Could it be because the array being passed in is not flat? On Tue, Feb 2, 2016 at 4:19 PM Will Levine notifications@github.com wrote:

So, when we run the line above, it gets up to here: https://github.com/SciRuby/nmatrix/blob/80765a529b78e3da8e918e9e1e8938d52c9f9e20/ext/nmatrix/ruby_nmatrix.c#L2801 at which point a Ruby exception is raised. This causes it to jump back up to the nearest catch block, which in this case is all the way up in pry. So it skips all the remainder of the C code, including the cleanup bits with all the nmunregister* stuff. I suspect, but I haven't confirmed, that this is what causes the crash on quit. The problem is that it's pretty non-trivial to catch a Ruby exception in C code. The other option is that we manually check all the types in the array before trying to convert to floats (or whatever). This has the downside of introducing an extra check that just duplicates the check that would happen anyway (the one that raises the exception in the first place).

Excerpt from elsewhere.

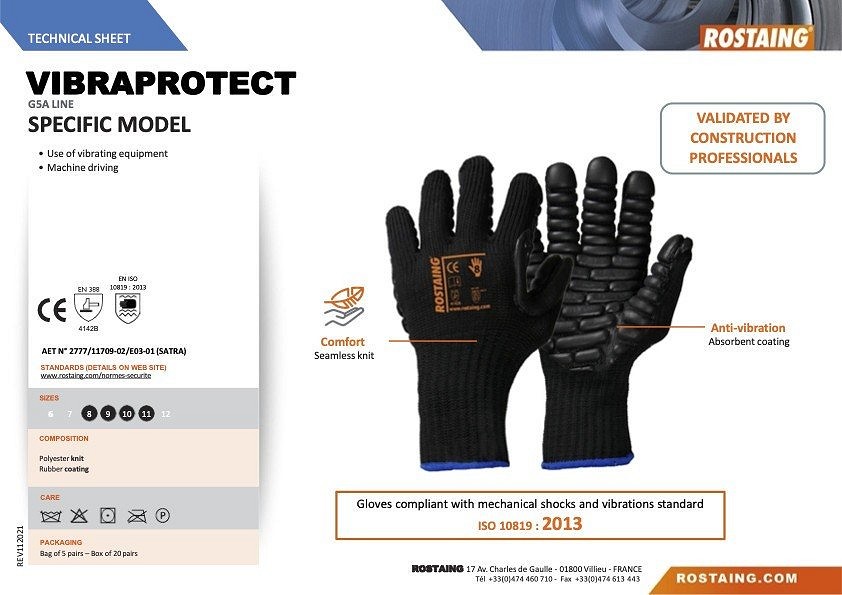 Munkavédelmi kesztyű Vibráló berendezések használata Gépek vezetése Rezgéscsillapítás: Abszorbens bevonat Kényelem: Varrat nélküli kötés A kesztyű megfelel a mechanikai ütések és rezgések szabványának

— Reply to this email directly or view it on GitHub https://github.com/SciRuby/nmatrix/issues/452#issuecomment-178858558.

wlevine commented 8 years ago

Well, that's why the exception gets raised in the first place. I suppose we could support this usecase, but the larger issue is how to clean up properly when an Ruby exception gets raised deep in C code. I suspect that the same issue could also turn up elsewhere in the codebase.

translunar commented 8 years ago

Oy. Yeah, when we designed it, we didn't have the registration and unregistration. I suppose we just have to check argument sanity as soon as stuff comes in, as much as possible.

wlevine commented 8 years ago

Just for the record, I think my diagnosis in the last couple of comments is not entirely correct. For one thing, NM_CONSERVATIVE(nm_register_value(&arg)); should have no effect in the standard build, since this macro resolves to nothing unless NM_GC_CONSERVATIVE is defined. However, I still think that the problem is due to the Ruby exception causing a jump across C code that does some necessary cleanup.

translunar commented 6 years ago

Closed because I'm not sure it still applies. Someone can open a new issue if they like.